Eigen-solver backends#

Modal analysis (Modal analysis) and cyclic-symmetry modal analysis (Cyclic-symmetry modal analysis) both dispatch the eigensolution through the eigen-solver registry in femorph_solver.solvers.eigen. Three backends are exposed; the auto-chain picks the right one based on problem size and which optional dependencies are installed.

Auto-chain dispatch#

  • ARPACK (default) — shift-invert Lanczos via scipy.sparse.linalg.eigsh(). Universally available (ships with SciPy). Optimal for the lowest few modes of a large sparse SPD problem.

  • PRIMME — block-Davidson with adaptive restart (Stathopoulos & McCombs 2010). Selected automatically for large problems (rough heuristic: \(N > 10^{6}\) DOFs) or when the caller asks for many modes (\(n_\mathrm{modes} > 100\)). Needs the optional primme extra (pip install "femorph-solver[primme]").

  • LOBPCG — locally-optimal block PCG (Knyazev 2001). Factor-free; selected via eigen_solver="lobpcg". Useful for memory-constrained regimes where the \((\mathbf{K} - \sigma \mathbf{M})\) factor wouldn’t fit; supports a built-in preconditioner ("factor" / "jacobi" / "none") tuned for plate / shell stiffness conditioning.

When eigen_solver="auto" the registry picks based on the heuristic above; pass an explicit identifier to override.

Backend-by-backend#

ARPACK#

The shift-invert path is what femorph-solver runs by default:

\[\mathbf{S}_{\sigma} = (\mathbf{K} - \sigma\, \mathbf{M})^{-1}\, \mathbf{M},\]

with \(\sigma = 0\) by default. See Modal eigenvalue problem and shift-invert Lanczos for the Lanczos derivation and why shift-invert beats power iteration.

  • Strengths. Universal availability; optimal for the lowest few modes of a sparse SPD GEVP; reverse-comm API lets the caller swap in any linear backend for the inner factor (Pardiso / CHOLMOD / MUMPS / SuperLU).

  • Weaknesses. Many-mode runs (>100) ramp up the Krylov subspace size and the work-space memory grows quadratically.

PRIMME#

Block-Davidson with built-in preconditioner support and restart-aware convergence. The optimal choice when the problem is large enough that ARPACK’s Krylov subspace dominates memory, or when many modes are needed.

  • Strengths. Block iteration parallelises matrix-vector products; preconditioner support out of the box; faster convergence on tightly-clustered eigenvalues.

  • Weaknesses. Optional dependency (primme Python package); not in every Python wheel cache.

LOBPCG#

Factor-free iteration on the original GEVP — no shift- invert solve at every step, just a preconditioned matrix- vector product.

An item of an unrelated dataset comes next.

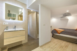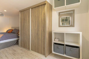 Este amplio apartamento de 1 dormitorio puede alojar cómodamente a una familia de 4 a 5 personas. Cuenta con una habitación abierta en la entrada que se puede convertir en un dormitorio pequeño, y una entreplanta junto al salón con espacio para una cama adicional.
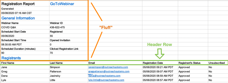Many third party applications may generate registration/attendee files that include a lot of "fluff" at the top of the file that is non-essential to Neoserra:

  • Strengths. Constant-memory in \(n_\mathrm{modes}\); doesn’t need a sparse-direct factor at all. Useful when the factor wouldn’t fit (very large 3D mesh on a memory-constrained host).

  • Weaknesses. Convergence is preconditioner-sensitive; the SciPy shipped LOBPCG (used here) is slower than ARPACK on the typical 10-50 mode runs that dominate verification workloads.

Mass-orthonormalisation#

All three backends return mass-orthonormalised eigenvectors — \(\boldsymbol{\phi}_{i}^{\!\top}\, \mathbf{M}\, \boldsymbol{\phi}_{j} = \delta_{ij}\) — to machine precision on converged modes. The ModalResult post-processor preserves that property regardless of which backend ran the solve.

Inspecting the registry#

from femorph_solver.solvers.eigen import list_eigen_solvers
print(list_eigen_solvers())
# → {"arpack": True, "primme": False, "lobpcg": True}

Implementation: femorph_solver.solvers.eigen (registry + auto-chain) plus per-backend wrappers femorph_solver.solvers.eigen._arpack, femorph_solver.solvers.eigen._primme, femorph_solver.solvers.eigen._lobpcg.

References#

  • Lehoucq, R. B., Sorensen, D. C. and Yang, C. (1998) ARPACK Users’ Guide, SIAM SET 6.

  • Stathopoulos, A. and McCombs, J. R. (2010) “PRIMME: PReconditioned Iterative MultiMethod Eigensolver — Methods and Software Description,” ACM TOMS 37 (2), 1–30.

  • Knyazev, A. V. (2001) “Toward the optimal preconditioned eigensolver: locally optimal block preconditioned conjugate gradient method,” SIAM J. Sci. Comput. 23 (2), 517–541.

  • Parlett, B. N. (1998) The Symmetric Eigenvalue Problem, SIAM (foundational treatment of all three).

  • Saad, Y. (2011) Numerical Methods for Large Eigenvalue Problems, 2nd ed., SIAM (Lanczos / Davidson comparison).